28 March 2024 | By: Newcastle University | 4 min read

As you enter the city and approach the Newcastle University campus on Claremont Road, the progressing redevelopment of the landmark Stephenson Building is visible on the horizon. 

Some aspects of the scheme’s sustainable design are clear to see. Others are more subtle.

Explore four ways we have brought sustainable design to the Stephenson Building: top to bottom, inside and out.

 

Contents

  1. Sustainable by design, at each step
  2. Remove and rebuild, retain and refresh
  3. Roof structure, panels and flood prevention
  4. Biofuel energy for decarbonisation
  5. Trees protected, recycled and planted
  6. Now, next and stepping into the Stephenson Building

Sustainable by design, at each step

The design of the redeveloped Stephenson Building started with people, potential, and a sense of place.

Sustainable by design and now in practice, the Stephenson Building at Claremont Road was conceived as a place where the engineering community would come together now and in the future.

From conception, the project has been a jigsaw piece of a much larger, purposeful puzzle.

We continuously work towards achieving the United Nations Sustainability Development Goals (UN SDGs). We were ranked in the top 100 in the world for sustainable development in the Times Higher Education Impact Rankings 2024. Our commitment to sustainable infrastructure, thinking and development at Newcastle University is consistent and long-term.

Now in the final stages of the redevelopment, the building is taking shape as a hub of discovery and discussion where students, academics and industry meet. Inside, the main labs are open. These education and research facilities are where world-leading teams tackle global issues, including decarbonisation.

 

Labs and teaching facilities in the Stephenson building

Phase 1 of the Stephenson redevelopment opened to staff and students in September 2023. The building's world-leading engineering facilities include AI and robotics labs, biomedical labs, a mechanical workshop and a makerspace.

 

To reach this point, we worked with architects NORR to develop a sustainability assessment, guiding every step, from research, design, and material selection, and looking forward to future carbon impact.

Plotting the path of sustainable design to work in practice, is a bespoke one-click Life Cycle Assessment (LCA) software tool. The software live tracks the project’s embodied carbon, visibly moving the needle toward more sustainable choices.

Let's explore four ways we've brought sustainable design to the Stephenson Building.

 

Remove and rebuild, retain and refresh

The strategy to transform this landmark building built in the 1950s into a hub for the future of engineering is part remove and rebuild, part retain and refresh.

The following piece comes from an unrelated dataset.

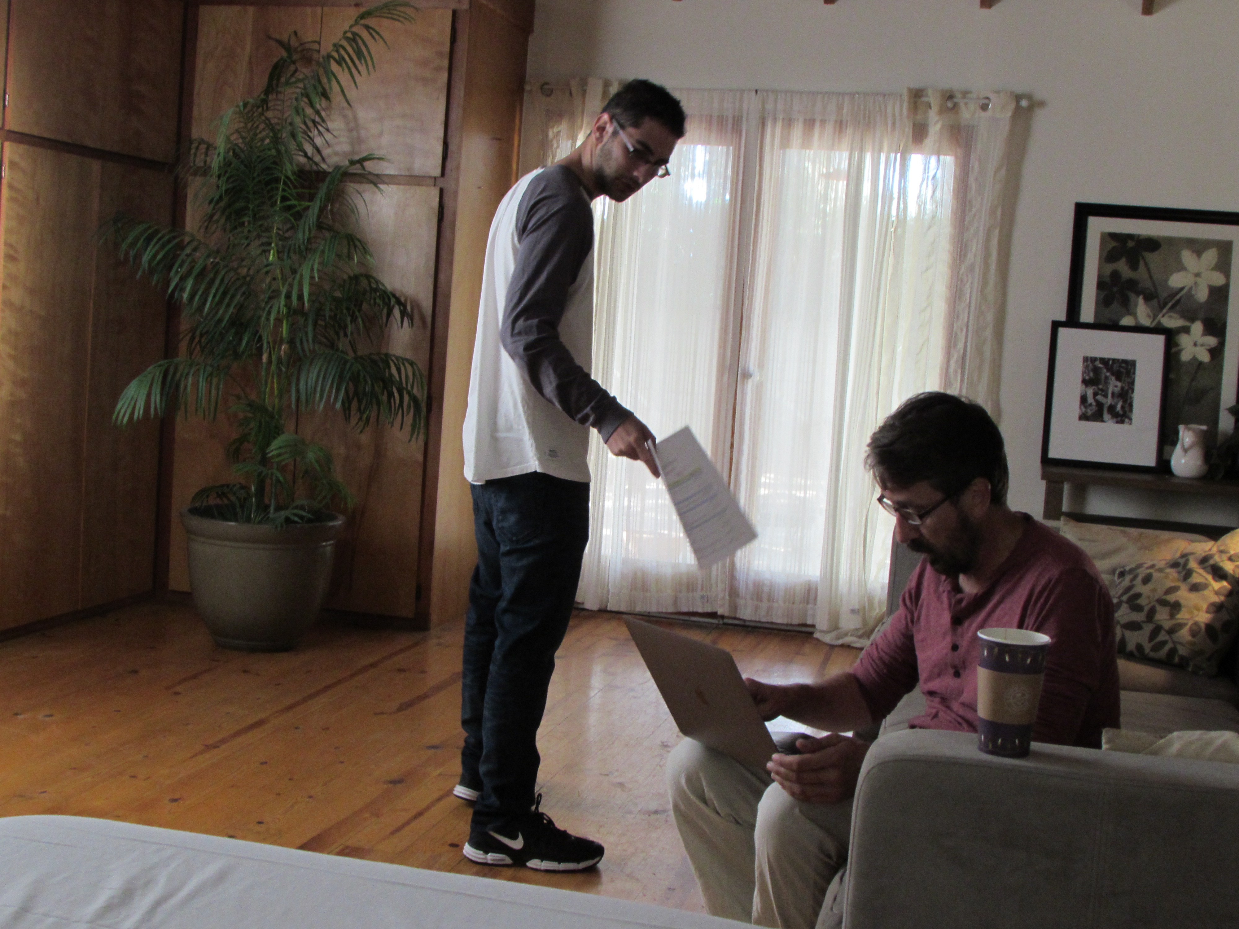 Eddie and AJ are setting up a tripod on a dolly constructed of two long pipes so the camera can glide through the opening sequence.

The rear of the original building has been removed and rebuilt. The new 5-storey building is being built on the same footprint but doubling inside space to 198,000 square feet.

With the additional square footage, the building can serve all facets of our university engineering community.

It’s a home of collaboration with hubs for digital manufacturing, sustainable propulsion, and biomedical engineering. A heart of engineering innovation in Newcastle.

Refurbishment and modernisation of the original front is in progress.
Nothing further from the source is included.